Чтение онлайн

на главную

Жанры

Бог в стране варваров
Шрифт:

Хаким по-прежнему сидел, небрежно развалясь на стуле, откинув руку на спинку. Мрачные перспективы, которые обрисовал ему Камаль, явно его не взволновали.

— Да, — промолвил он и слабо махнул рукой.

Марта принесла чай. Она быстро наловчилась готовить его ничуть не хуже местных, в чем Камаль уже имел возможность убедиться, но при этом, в отличие от них, она не делала вид, что тут требуется особое дарование. Ее чай был, пожалуй, получше, чем у большинства алжирцев, а ведь у нее не было никаких секретов, просто веточки мяты она не бросалапрямо в чай, а предварительно размельчала, и это придавало напитку редкостный вкус. Узнав об этом, Камаль никогда не упускал случая похвалить ее чай; ему нравилась сама мысль, что единственным даром, единственным секретным оружием, помогающим во всем, является ум.

Мужчины держали в руках горячие стаканы и не обжигались — они уже имели навык и

знали, что держать надо сразу за дно и за край. Марта же решила подождать, пока чай немного остынет. В беседу Марта не вступала, но ко всему внимательно прислушивалась.

— Мы предполагали такую реакцию. Я имею в виду, со стороны властей. Ну что ж! Когда это случится, мы примем меры. Зачем беспокоиться заранее. Но, хотя вы и насмехаетесь над нашим движением, все же хочу надеяться, не вы окажетесь застрельщиком расправы над нами.

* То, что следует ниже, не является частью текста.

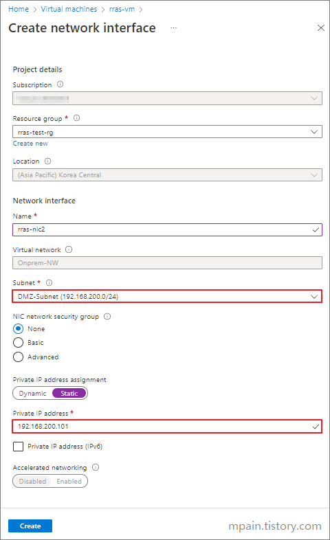 두 번째 NIC는 DMZ-Subnet에 연결합니다.
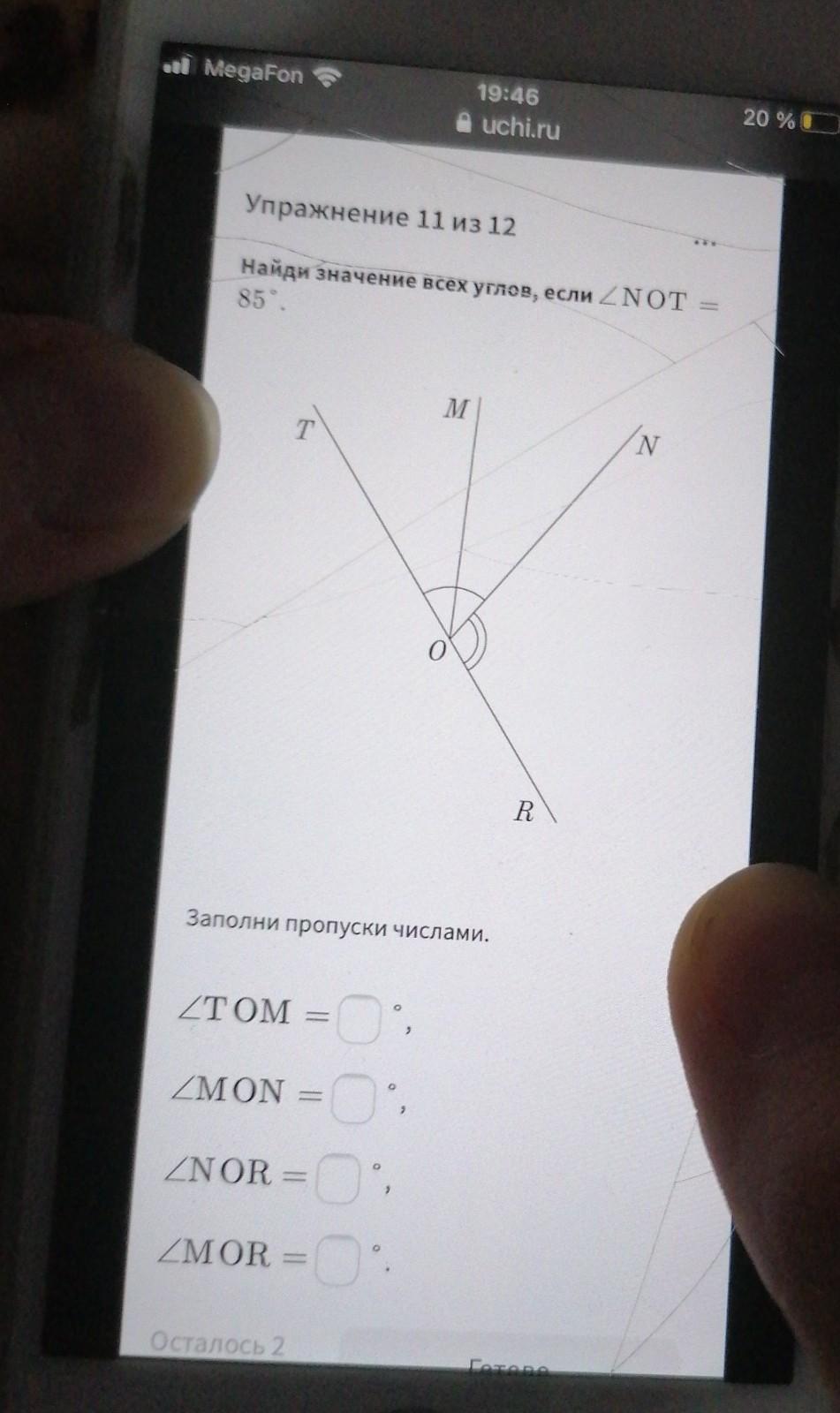 Объяснение: если угол NOT равен 180° то, угол TOR-NOT=180-85=95°(св.смеж. углов) - угол NOR. Угол NOT:2=42,5°- углы MON, MOT
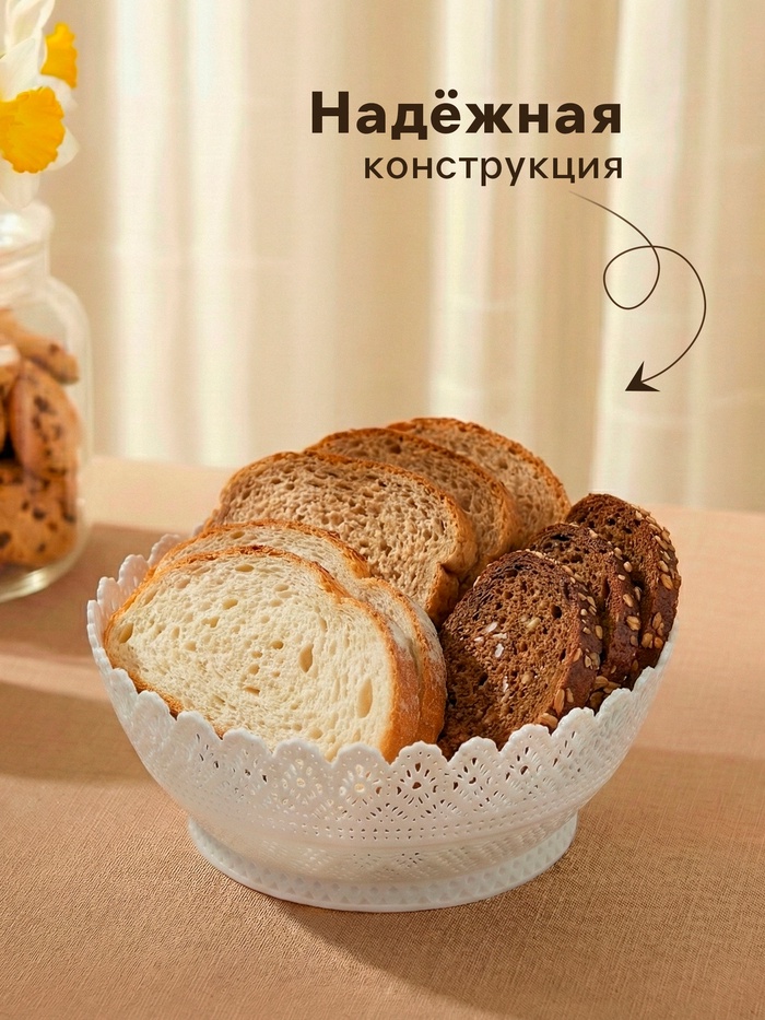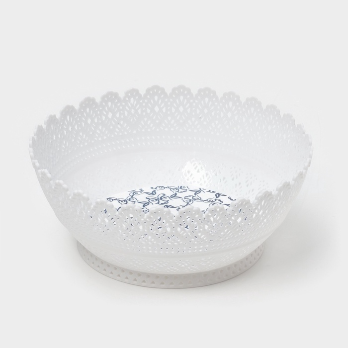 Корзинка для фруктов и хлеба «Зефир. Принт», пластик, d=20 см, белая — Характеристики
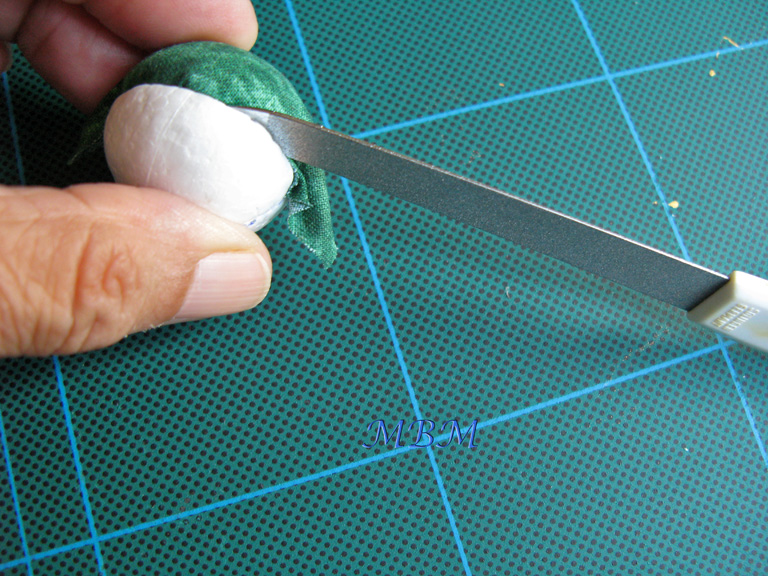 Cortar el palito dándole una altura proporcionada al tamaño de la base y la bola que estamos usando y clavarlo por un lado en la maceta y por otro en la base de la bola de porexpan ya forrada, dando un poco de cola blanca para asegurar la sujeción en ambos extremos.
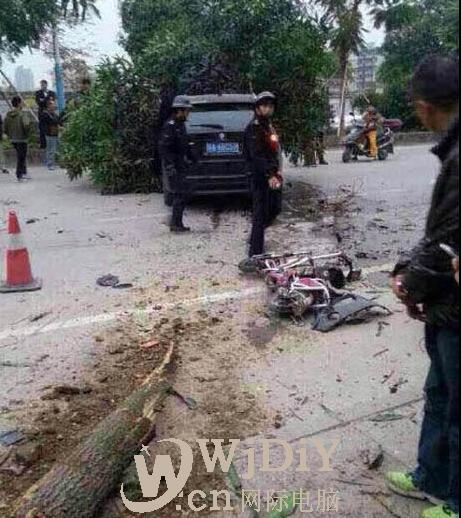 據目擊者描述這輛黑色轎車當時的行車路線,是沿著這條鳳凰北路,南往北行駛,當來到前方這個丁字路口的時候,車輛突然失控地沖上來人行道上,當時,在路邊第二棵樹旁邊有一男一女小學生及他們的媽媽,轎車是將兩名小學生撞倒,之后車輛繼續往前方開,大概是來到這個位置將一名50歲左右的阿姨撞倒,接著,車輛往前方金寶酒店開,撞上了酒店對出空地上的一棵樹,將樹撞斷。
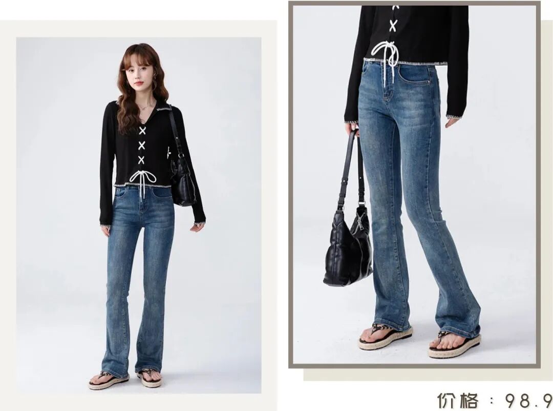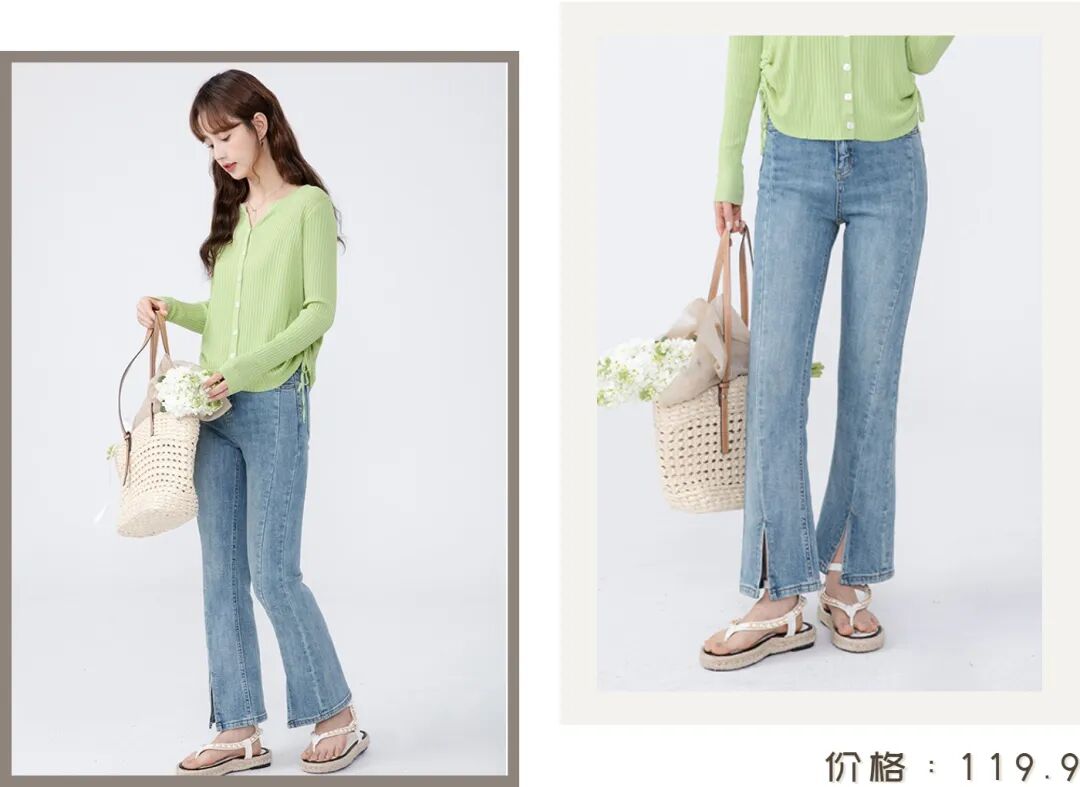 针织衫的下面,可以搭配长一点的喇叭裤,可盐可甜!上紧下宽的设计,视觉上特别显瘦,非常适合小腿有肌肉的女生。
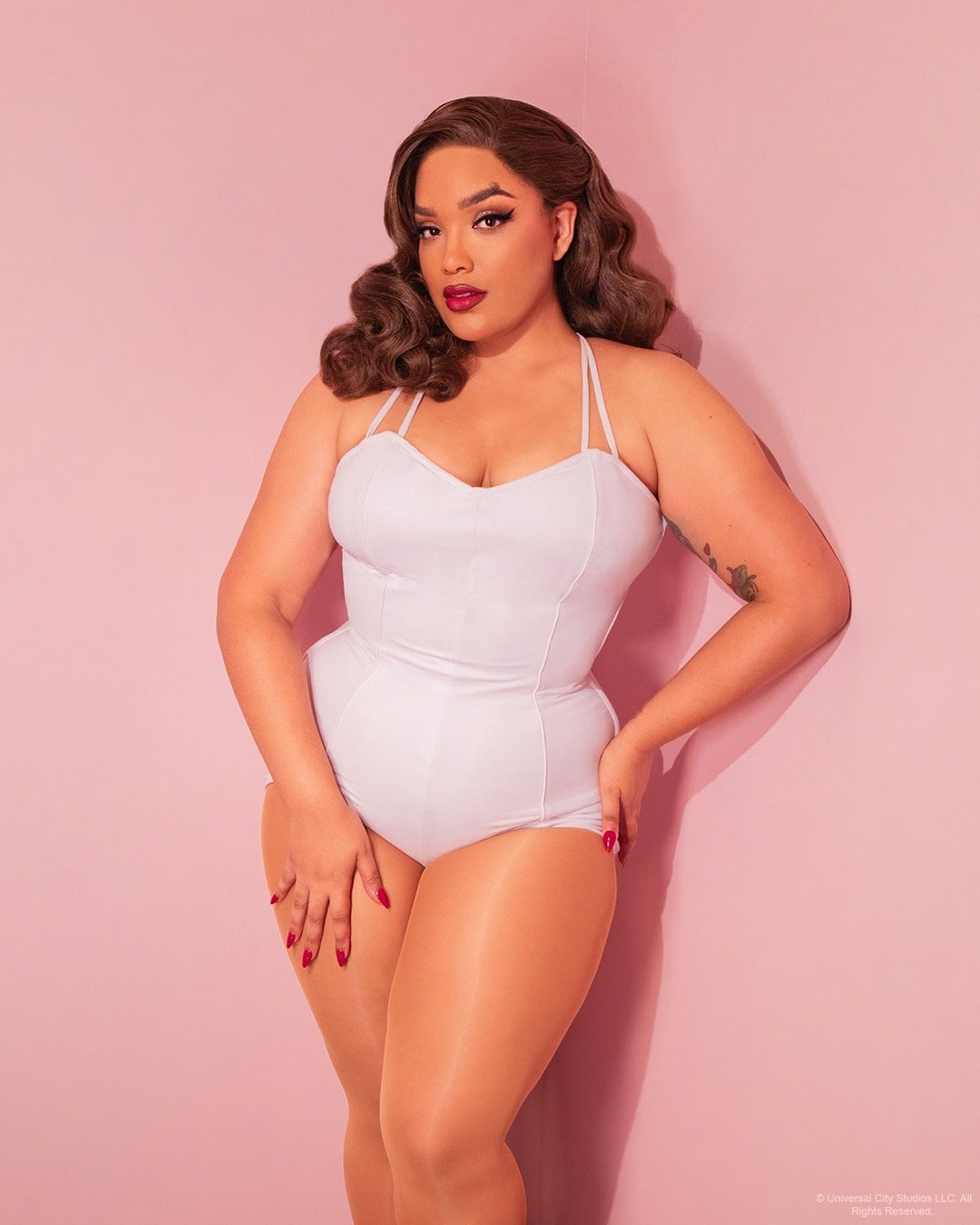 Vixen by Micheline Pitt has collaborated with Universal Products & Experiences to release one of the coolest summer collections we've seen. The Creature From the Black Lagoonย Summer 2024 collection coincides with the film's 70th anniversary. Obvious highlights from the collection include a beautiful reproduction of Julie Adams' iconic white bathing suit and the Creature bag.

— Вы как будто не понимаете, что не должно быть никакого движения! — воскликнул Камаль.

— Никакого?

— Никакого! Иначе куда нас это заведет!

— Простите, если я в какой-то степени намеренно сгустил краски и впутал вас в это дело, предположив, что вы можете стать застрельщиком расправы. Все же любопытно, как бы вы поступили на нашем месте, то есть не обладай вы той властью, какой обладаете теперь. И что бы тогда предприняла ваша партия. Ответьте, сделайте одолжение.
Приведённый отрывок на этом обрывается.